If `5 sin theta - 4 cos theta = 0, 0^(@) lt theta lt 90^(@)`, then the value of `(5sintheta-2costheta)/(sintheta+3costheta)` is :

To solve the equation \( 5 \sin \theta - 4 \cos \theta = 0 \) for \( 0^\circ < \theta < 90^\circ \) and find the value of \( \frac{5 \sin \theta - 2 \cos \theta}{\sin \theta + 3 \cos \theta} \), follow these steps: ### Step 1: Solve for \( \sin \theta \) and \( \cos \theta \) From the equation \( 5 \sin \theta - 4 \cos \theta = 0 \), we can rearrange it to find the relationship between \( \sin \theta \) and \( \cos \theta \): \[ 5 \sin \theta = 4 \cos \theta \] Dividing both sides by \( \cos \theta \) (since \( \cos \theta \neq 0 \) in the given range): \[ \frac{\sin \theta}{\cos \theta} = \frac{4}{5} \] This implies: \[ \tan \theta = \frac{4}{5} \] ### Step 2: Express \( \sin \theta \) and \( \cos \theta \) in terms of \( \tan \theta \) Using the identity \( \tan \theta = \frac{\sin \theta}{\cos \theta} \), we can express \( \sin \theta \) and \( \cos \theta \) in terms of \( k \): Let \( \sin \theta = 4k \) and \( \cos \theta = 5k \) for some \( k \).

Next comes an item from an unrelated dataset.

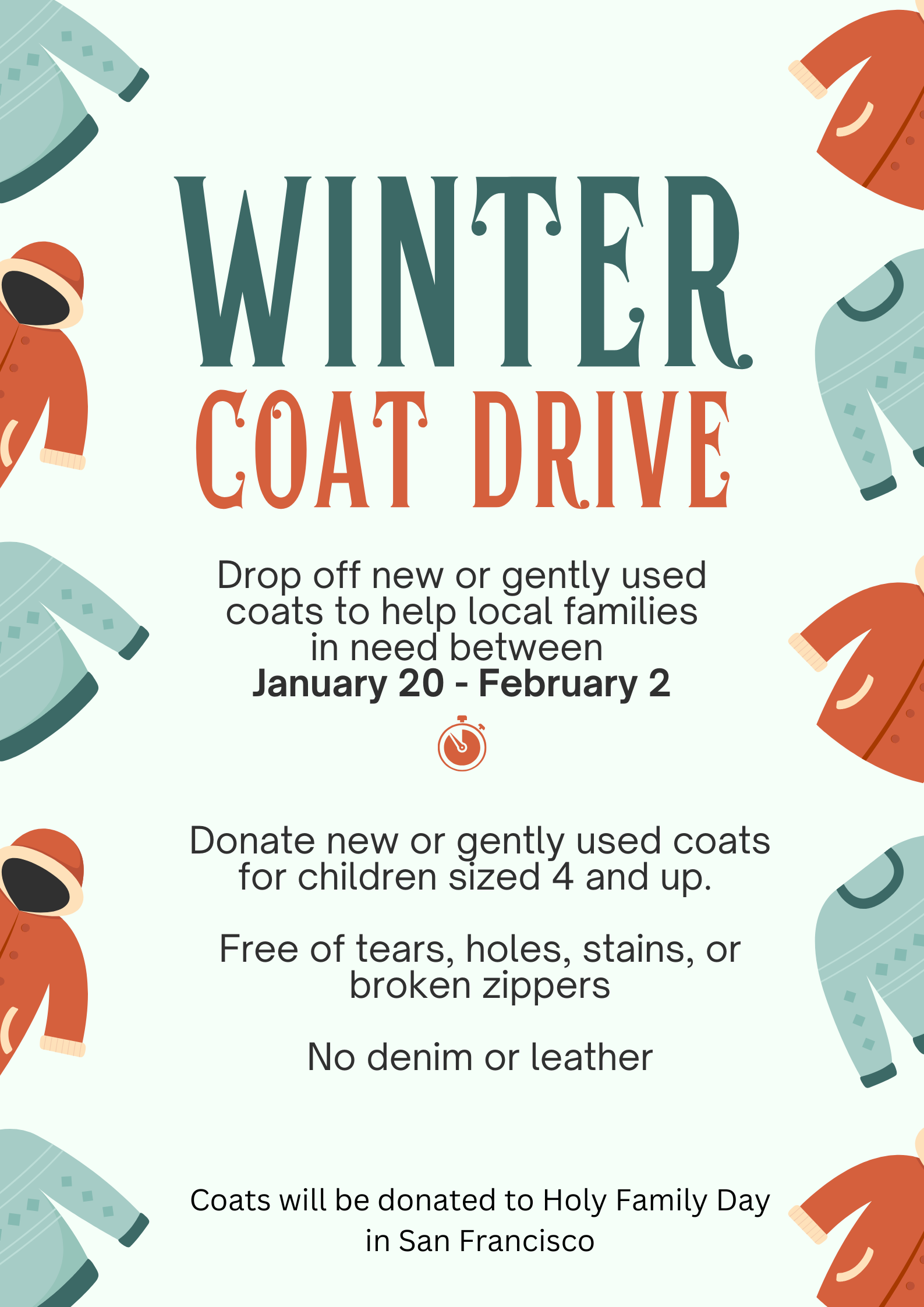 We’re holding a Coat Drive at Reed School to collect new or gently used coats for Holy Family Day. Holy Family Day Home provides family support services and affordable childhood education for struggling families in San Francisco.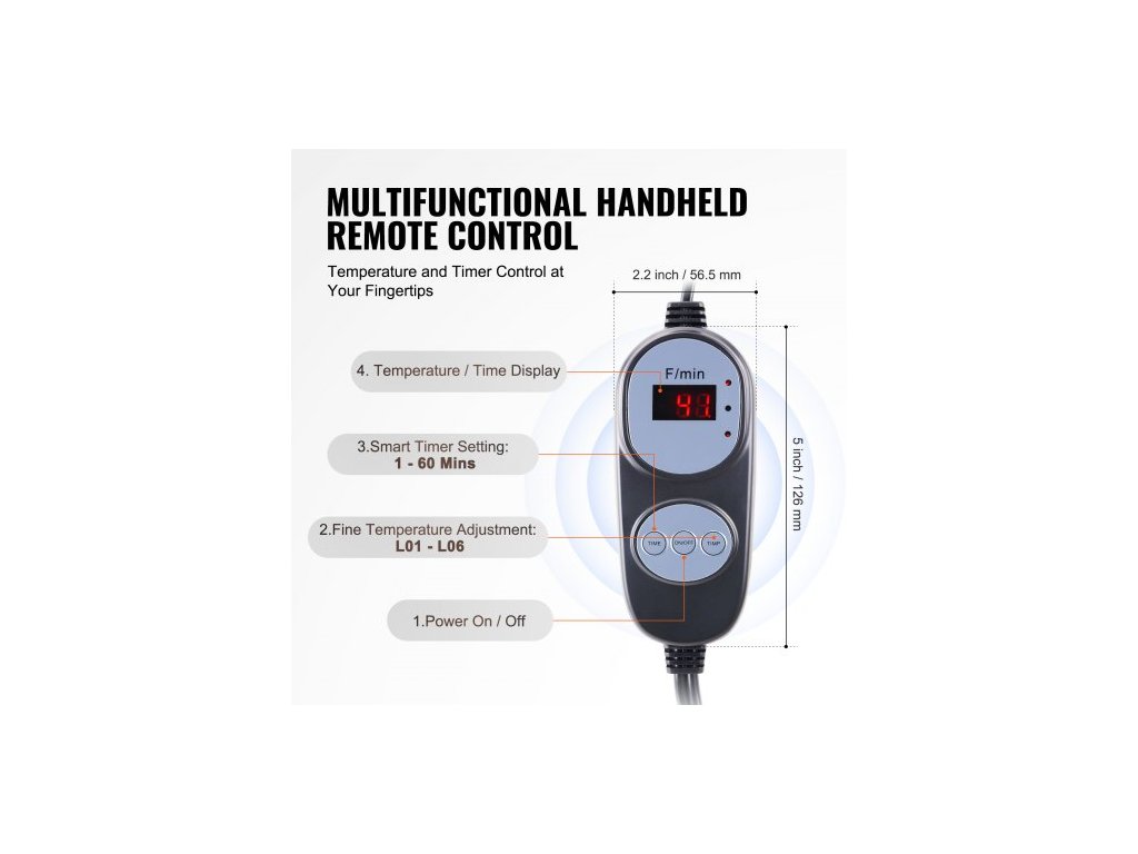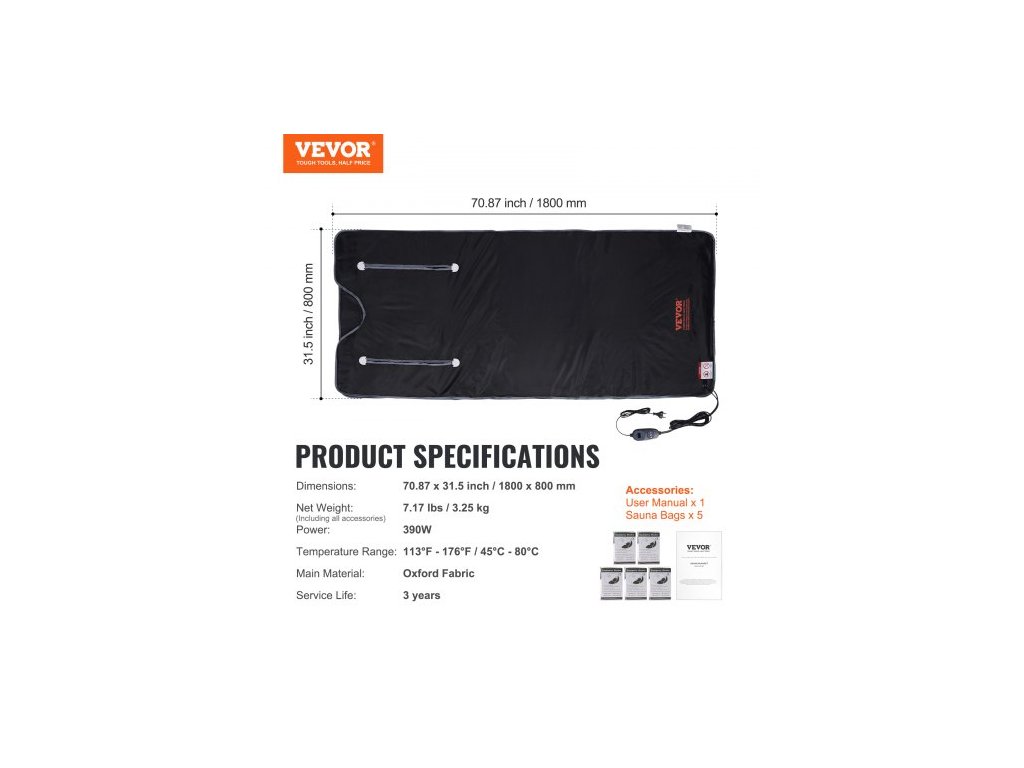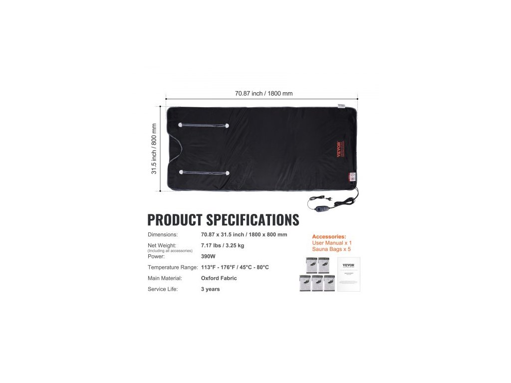 Životnost: 3 roky,Model: BW-802,Rozměry: 70,87 x 31,5 palce / 1800 x 800 mm,Teplotní rozsah: 1-6 úrovní (95°F-176°F / 35°C-80°C),Čistá hmotnost (včetně veškerého příslušenství): 7,17 lbs / 3,25 kg,Příkon: 390 W,Hlavní materiál: Oxfordská tkanina

Using the Pythagorean identity \( \sin^2 \theta + \cos^2 \theta = 1 \): \[ (4k)^2 + (5k)^2 = 1 \] \[ 16k^2 + 25k^2 = 1 \] \[ 41k^2 = 1 \] \[ k^2 = \frac{1}{41} \] \[ k = \frac{1}{\sqrt{41}} \] Thus, \[ \sin \theta = \frac{4}{\sqrt{41}}, \quad \cos \theta = \frac{5}{\sqrt{41}} \] ### Step 3: Substitute \( \sin \theta \) and \( \cos \theta \) into the expression Now substitute \( \sin \theta \) and \( \cos \theta \) into the expression \( \frac{5 \sin \theta - 2 \cos \theta}{\sin \theta + 3 \cos \theta} \): Numerator: \[ 5 \sin \theta - 2 \cos \theta = 5 \left(\frac{4}{\sqrt{41}}\right) - 2 \left(\frac{5}{\sqrt{41}}\right) \] \[ = \frac{20}{\sqrt{41}} - \frac{10}{\sqrt{41}} = \frac{10}{\sqrt{41}} \] Denominator: \[ \sin \theta + 3 \cos \theta = \frac{4}{\sqrt{41}} + 3 \left(\frac{5}{\sqrt{41}}\right) \] \[ = \frac{4}{\sqrt{41}} + \frac{15}{\sqrt{41}} = \frac{19}{\sqrt{41}} \] ### Step 4: Simplify the expression Now, substituting the numerator and denominator back into the expression: \[ \frac{5 \sin \theta - 2 \cos \theta}{\sin \theta + 3 \cos \theta} = \frac{\frac{10}{\sqrt{41}}}{\frac{19}{\sqrt{41}}} \] The \( \sqrt{41} \) cancels out: \[ = \frac{10}{19} \] ### Final Answer Thus, the value of \( \frac{5 \sin \theta - 2 \cos \theta}{\sin \theta + 3 \cos \theta} \) is: \[ \frac{10}{19} \]